Правда, можно найти стихи — в особенности “философического” характера, — которые даже в пересказе представляют немалый интерес, ибо как один из важных элементов в них выступает мысль в прямом значении этого слова. Но собственно художественная, поэтическая ценность этой мысли все же не существует вне органической целостности стихотворения. Ради того чтобы просто высказать мысль, не стоило бы писать стихи. И тот, кто видит в стихах Боратынского, Тютчева или Заболоцкого только определенные “мысли”, не знает подлинной ценности их поэзии.

Основная ценность их философских стихотворений в том, что в них раскрывается живая, цельная жизнь человеческого духа и отдельные мысли — при всей их значительности и глубине — все же только определенные средства этого раскрытия. Это, выражаясь точно, образы мысли, выступающие в стихах наряду с образами чувств, людей, вещей, событий, природы и т. д. В стихах Тютчева, о которых мы говорили, — “Вот бреду я вдоль большой дороги...” — в сущности, нет той могучей и поражающей мысли, какую мы находим во многих других его вещах: “Бессонница”, “Я лютеран люблю богослуженье...”, “Тени сизые смесились...”, “Наш век”, “Когда дряхлеющие силы...” и т.п. И все же это одно из прекраснейших творений русской и мировой лирики, нисколько не уступающее перечисленным выше.

Превращение обычной речи (сравни сделанный выше пересказ) в великое лирическое произведение только благодаря стихотворному воплощению — а внешне дело представляется именно таким образом (но только внешне, с поверхностной точки зрения!) — кажется настоящим чудом. И это действительно чудо — чудо творчества. Впрочем, так же ведь обстоит дело в любом искусстве. Можно долго извлекать из рояля определенную совокупность звуков в самом различном порядке и темпе, но в каком-то определенном порядке и темпе эта самая совокупность звуков предстает как шопеновский этюд или бетховенская соната...

Именно это чудо творчества при поверхностном его истолковании порождает многообразные ложные представления об искусстве, в частности формалистическую теорию поэзии. Логика проста: раз именно стихотворная форма “превращает” обычную речь в великое произведение — значит, все дело в ней. Но такого рода теории основываются, в конечном счете, на примитивном представлении о творчестве как ритмизации и зарифмовывании речи. На самом же деле поэт, как уже говорилось, создает органическое единство слова и стиха или, точнее, поэтическую форму, которая не есть речь (хотя бы и ритмизованная) и в которой осуществляется глубокий и богатый поэтический смысл.

Стих создает “художественную реальность” лирики; но это нельзя представлять себе прямолинейно и упрощенно. Стих в единстве со словом есть необходимая форма бытия лирики, вне стиха лирика не может существовать.

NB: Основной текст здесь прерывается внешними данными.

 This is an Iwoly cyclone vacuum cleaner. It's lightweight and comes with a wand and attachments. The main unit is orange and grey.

Но это не значит, что стих сам по себе и есть искусство.

Прозаическое изложение стихотворения Тютчева — это всего лишь высказывание об определенном переживании. Между тем само стихотворение — это переживание в его художественном бытии, в том инобытии, в котором оно обретает высшую красоту, раскрывает свой глубокий и всеобщий смысл, свою жизненную гениальность.

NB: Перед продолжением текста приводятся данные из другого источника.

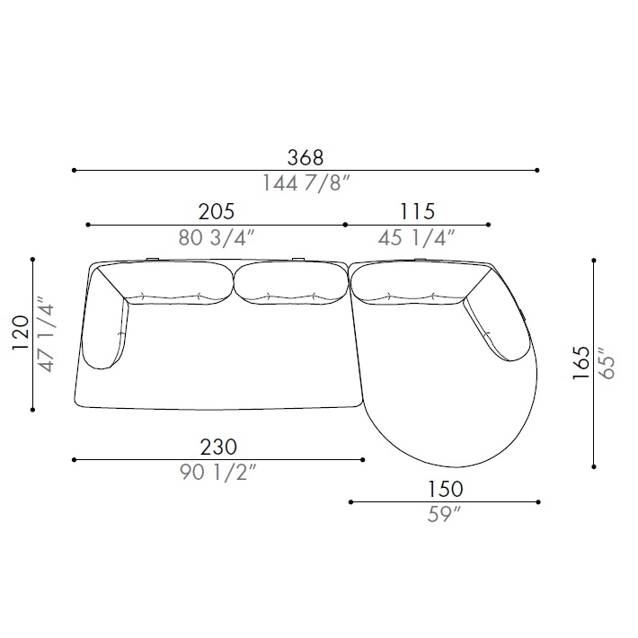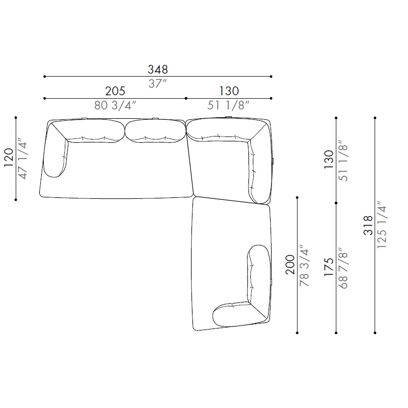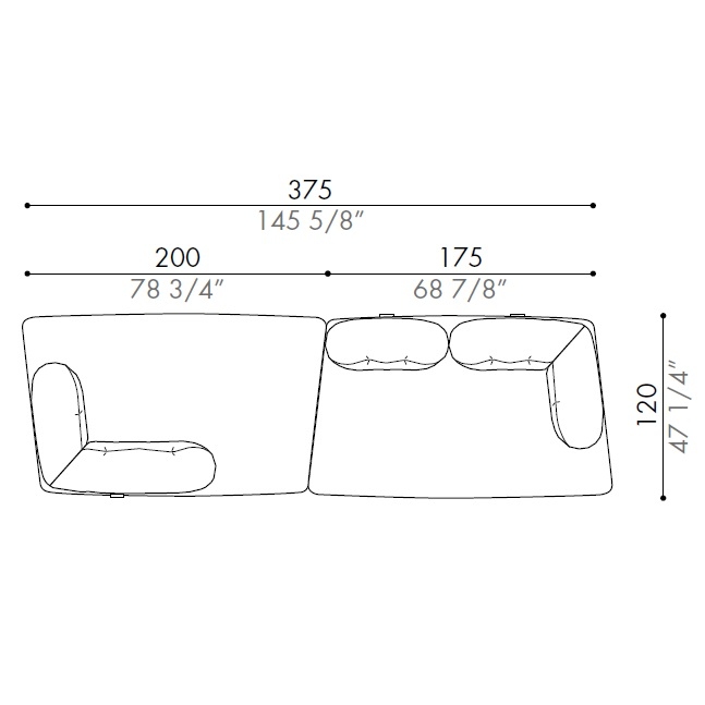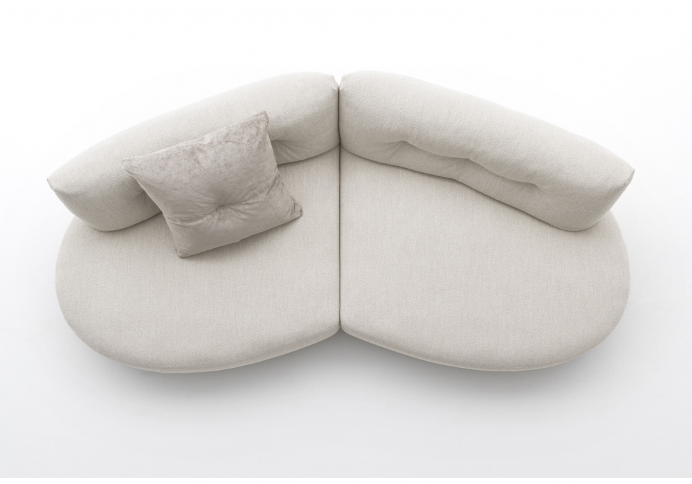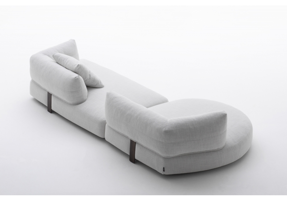 Ethìa von Jai Jalan für Désirée entworfen, ist ein modulares Sofa mit einer Metallstruktur zur Befestigung der Rückenlehnen aus bronzefarben lackiertem Stahl, einer Polsterung aus Polyurethanschaum und einem vollständig abnehmbaren Bezug aus Stoff oder Leder.

В стихе это переживание обретает самостоятельность; стихотворение не говорит о нем, а развертывает его перед нами как реальность, реальность самодовлеющую и в то же время связанную с целым миром.

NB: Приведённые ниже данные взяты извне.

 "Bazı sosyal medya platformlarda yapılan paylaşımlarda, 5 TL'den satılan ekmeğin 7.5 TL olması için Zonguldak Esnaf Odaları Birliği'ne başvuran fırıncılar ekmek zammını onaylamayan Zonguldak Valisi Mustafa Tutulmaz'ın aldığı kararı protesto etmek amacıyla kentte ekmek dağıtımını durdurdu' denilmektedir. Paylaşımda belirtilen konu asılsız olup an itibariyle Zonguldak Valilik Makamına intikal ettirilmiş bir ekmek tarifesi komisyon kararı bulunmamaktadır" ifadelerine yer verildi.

Проблема соотношения пересказа стихотворения и самого стихотворения исследована на материале замечательного стихотворения Заболоцкого “Приближался апрель к середине...” в недавней работе И.Б.Роднянской [И.Б.Роднянская. Слово и “музыка” в лирическом стихотворении. В кн.: “Слово и образ. Сборник статей”. M.: Просвещение, 1964. С. 195-233]. Эта работа — одно из наиболее серьезных наших исследований о стихе — раскрывает в указанном соотношении целый ряд аспектов, которые я здесь не затрагиваю, так как целесообразней просто отослать к ней читателей.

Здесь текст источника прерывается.